Further, as another example, the system control unit 201 can control the speed of the trace reproduction to a slower speed by inserting a wait period (e.g., a frame for stopping the trace reproduction) for temporarily stopping the trace reproduction between the consecutive frames.
As described above, the speed of the trace reproduction is controlled to a slower speed so that the relative speed of controlling the operations of the imaging unit 202 with respect to the speed of the subject moving at a speed slower than that in the trace recording substantially matches the speed in the trace recording. Specifically, for example, in a case where the an control is brought into focus and the speed of the subject movement is slower than the speed in the trace recording, the speed of swinging the imaging unit 202 in the pan direction is controlled to a slower speed corresponding to the speed of the subject. Specifically, the operations of the imaging unit 202 for the trace reproduction are controlled correspondingly to the movement of the subject moving at a speed slower than the speed in the trace recording so that a scene imaged in the trace recording and a scene imaged in the trace reproduction substantially match.

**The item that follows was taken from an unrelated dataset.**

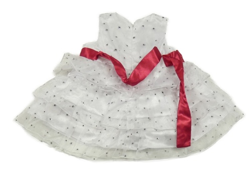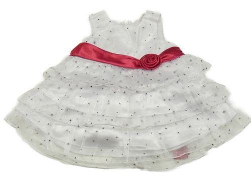 Bílé slavnostní vzorované tylové šaty s růžovým páskem s květem
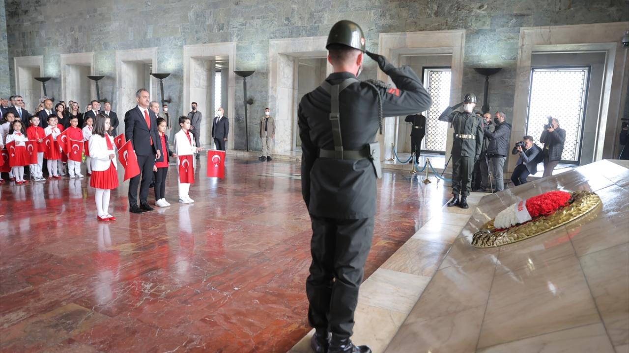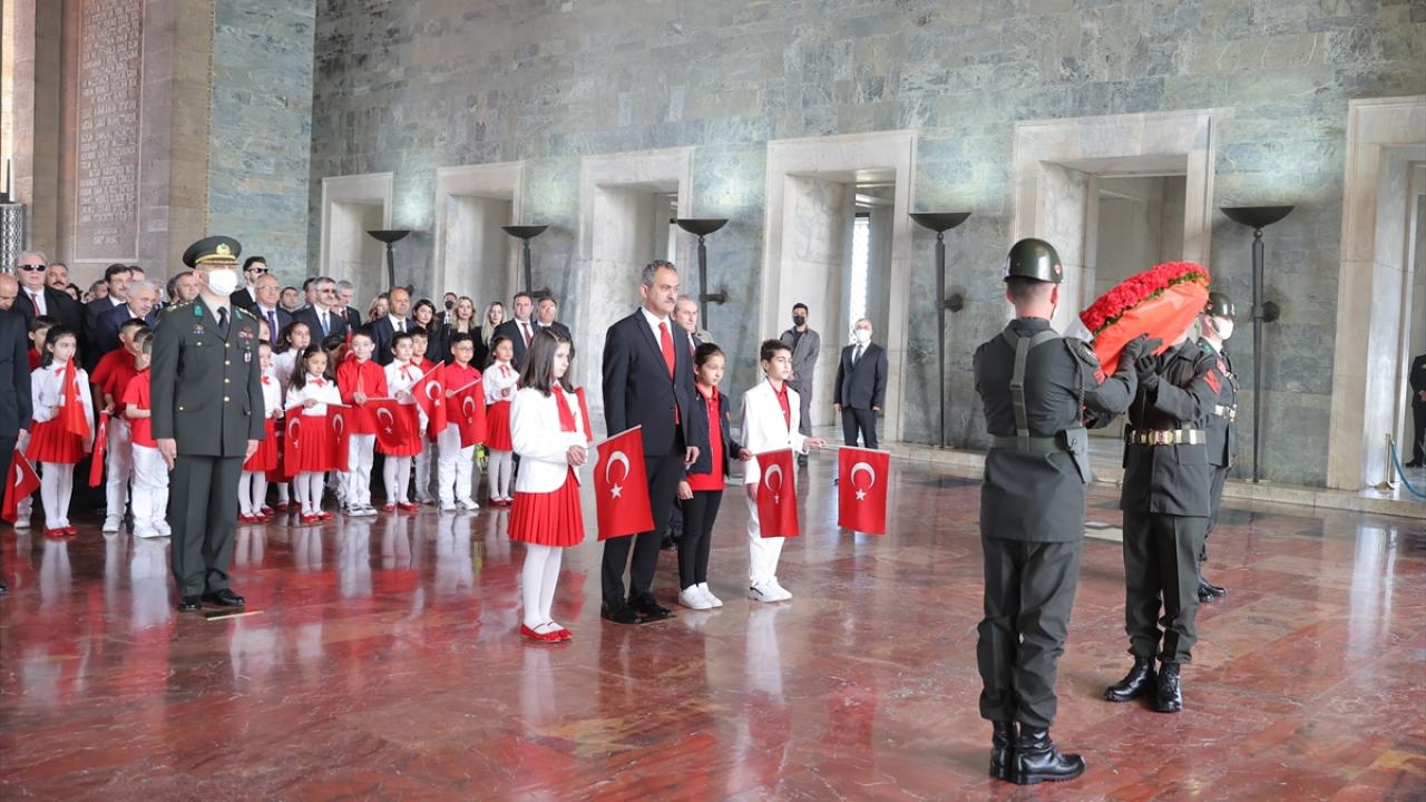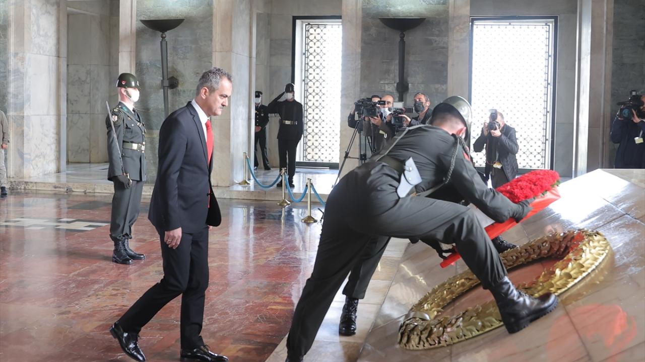Özer`in mozoleye çelenk bırakmasının ardından saygı duruşunda bulunuldu ve İstiklal Marşı okundu.

Further, in a case where the speed of the chronological transition of the detection information in the trace reproduction is faster than the speed of the chronological transition of the detection information in the trace recording, the system control unit 201 can control the speed of the trace reproduction to a faster speed.
In this case, the system control unit 201 can control the speed of the trace reproduction to a faster speed by, for example, skipping the control based on the trace data corresponding to some of the series of frames on which the trace data is recorded.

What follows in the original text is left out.